Jakarta – Managing Director Formula E, Gunung Kartiko memastikan akan kooperatif atas penyelidikan Komisi Pemberantasan Korupsi (KPK) terkait penyelenggaraan Formula E di Jakarta Juni 2022 mendatang. “Jakpro sangat kooperatif terhadap semua proses yang sedang berjalan,” ucap Gunung saat dikonfirmasi, Jumat (5/11).

Gunung menambahkan, segala proses untuk menggelar hajat balap mobil listrik itu telah dikerjakan sesuai prosedur. Bahkan, segala rekomendasi dari Badan Pemeriksa Keuangan (BPK) telah ditindaklanjuti oleh Jakpro sebagai pihak penanggung jawab.

“Semua rekomendasi dari BPK RI sudah dilaksanakan dengan baik dan dinyatakan selesai. Jika terdapat permintaan bantuan dari pihak lain sesuai dengan kewenangannya, kami tentu sangat terbuka untuk membantu,” jelasnya.

Senada dengan Gunung, Wakil Gubernur DKI Jakarta, Ahmad Riza Patria menegaskan Formula E merupakan program yang telah disepakati bersama dengan DPRD DKI. Kendati rencana ajang internasional ini menyebabkan jajaran Pemprov DKI diminta klarifikasi KPK, Riza menghormati kondisi tersebut. “Tidak ada program yang ujug-ujug, semua berproses,” ucap Riza.

Politikus Gerindra itu juga menyerahkan proses ini kepada KPK, sambil berharap tidak akan berdampak buruk terhadap ajang mobil balap listrik tersebut. “Kita tunggu saja hasilnya, tentu harapan kita semua tidak ada masalah dan tidak mengganggu proses event Formula E di tahun 2022,” tandasnya.

KPK mengaku tengah mengumpulkan bukti dugaan korupsi penyelenggaraan Formula E di DKI Jakarta.
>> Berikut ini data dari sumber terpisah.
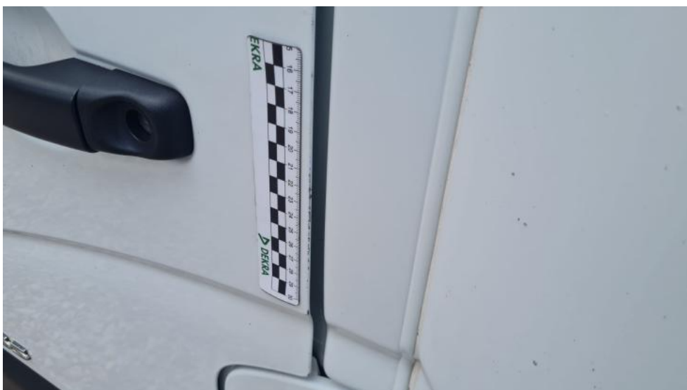
Fot. 50. Drzwi P L - zarysowanie 1
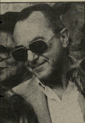
ארנס שר הביטחון האחרון של מנחם בגין היה גם הוא בין מאתיים המשתתפים.
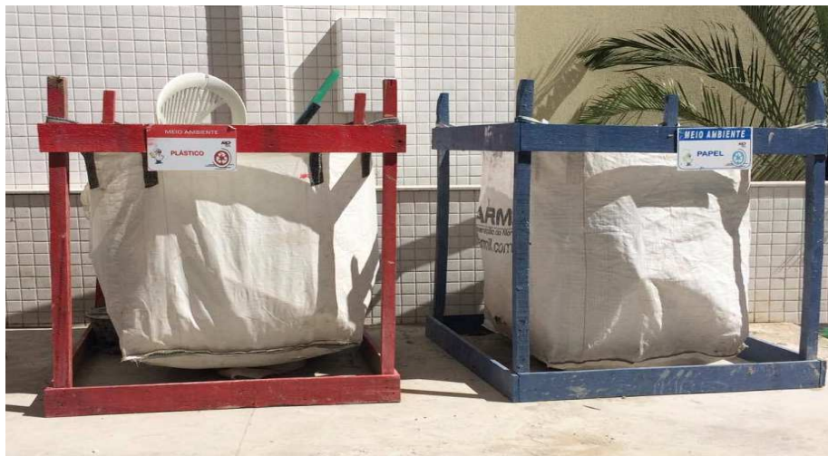
Figura 7: Presença da coleta seletiva na obra.

Acrescenta-se também o fato de na obra estudada haver o sistema de coleta seletiva entre o papel, metal, plástico e vidro que fossem gerados durante o processo de construção, cujos eram dispostos em coletores, como mostra a figura 7, denominados de “baias”.
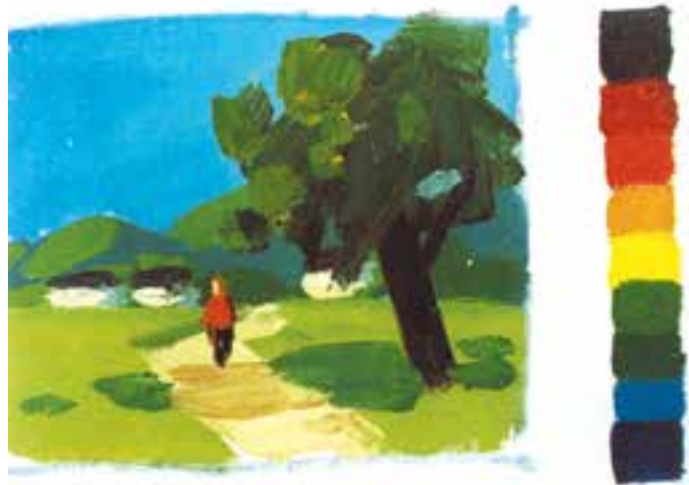
تصویر ۱۵-۲- رنگهای اصلی و ثانویه - سرد

در کار ملاحظه می‌کنید. نقاش، به سادگی به کمک درجات تیرگی و روشنی رنگ، سطوح عناصر تصویر نقاشی خود را از یکدیگر مجزا کرده است. شما درخت و کوهها و حتی پیکر انسان را در کار، با تفکیک ساده سطوح تیره روشن برای ایجاد حجم و نور و سایه می‌بینید.
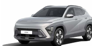
Shimmering Silver Metallic Metalická Kombinace dostupná také s černým lakováním střechy Cena: 17 900 Kč
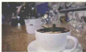
3/7 寻常巷陌处的气质
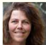
Ingrid SEYMAN La petite conformiste Editions Philippe Rey
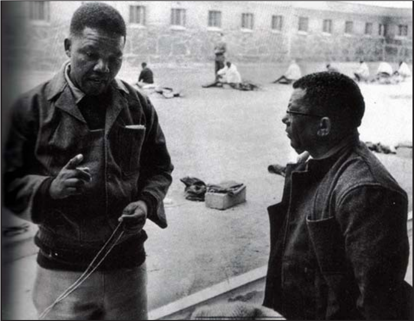
၁၉၆၆၊ ထောင်ဝင်းအတွင်း ဝေါလ်တာနှင့်အတူ။
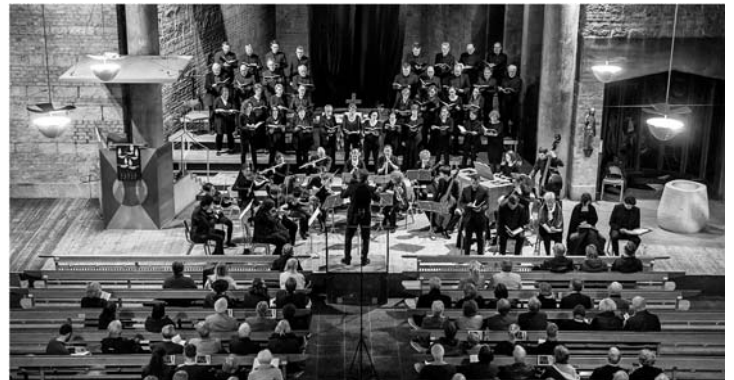
Johannespassion, 8. April 2017, mit Kammerchor des Bachchors „würzburg.vokal“ und Barockorchester
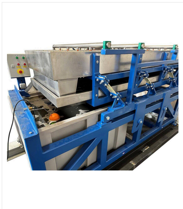
Система мокрого просеивания
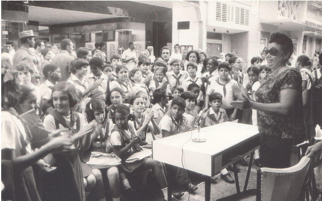
A la entrada de la librería habanera Vietnam Heroico, en octubre de 1979, la escritora presenta Diario de una rosa .
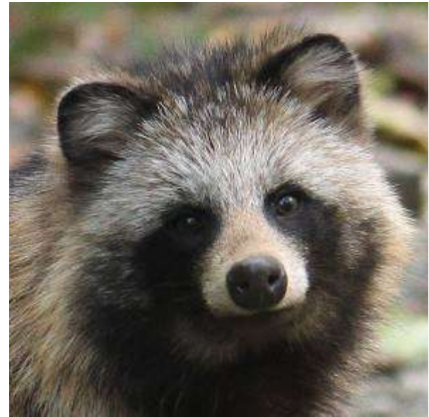
【地面に落ちている木の実を探していました】
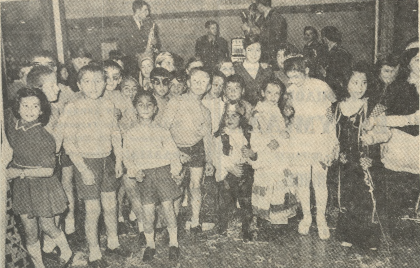
Επιτυχία έσημείωσε ο παιδικός αποκριτικός χορός του Πιτσουλακειού Ιδρύματος ο όποιος έδóθη χθές τό άπόγευμα εις την αίθυσαν Άριάδνην του ξενοδοχείου Άστώρια. Κατά την διάρκειαν του χορού έπαίξαν, ευγενώς προσφερθείσιν οι όρχήστρα της ΣΕΑΠ. Άνωτέρω μερικαι μάσκαράδες και μη συγκεντρωμέναι έκείτρον εις τόν φωτογραφικό φακό.

Salah satunya dengan meminta keterangan sejumlah pihak terkait. “Betul, KPK sedang meminta permintaan keterangan dan klarifikasi kepada beberapa pihak guna mengumpulkan bahan data dan keterangan ataupun informasi yang diperlukan oleh tim penyelidik,” ujar Plt Juru Bicara KPK Ali Fikri dalam keterangannya, Kamis (4/11).

Ali mengatakan, pengumpulan bukti dan keterangan dari pihak terkait dilakukan KPK berdasarkan laporan dari masyarakat adanya dugaan korupsi dalam penyelenggaraan ajang balap mobil tersebut. Berdasarkan informasi, dalam mengusut kasus ini KPK sudah memeriksa Kepala Dinas Pemuda dan Olahraga (Kadispora) DKI Jakarta Ahmad Firdaus pada Selasa, 2 November 2021.

Sementara itu, Anggota Komisi B dari Fraksi PDI Perjuangan (PDIP) DPRD DKI Jakarta, Gilbert Simanjuntak mengatakan, pihaknya sudah sejak lama menaruh kecurigaan itu. Dia mendukung langkah lembaga antirasuah itu supaya persoalan menjadi terang. “Saya sudah sampaikan peraturan apa saja yg ditabrak. Setidaknya dengan sikap ini, seandainya sudah diperiksa dengan jelas maka kalau ada atau tidak ada pelanggaran kita semua jelas,” katanya Kamis (4/11).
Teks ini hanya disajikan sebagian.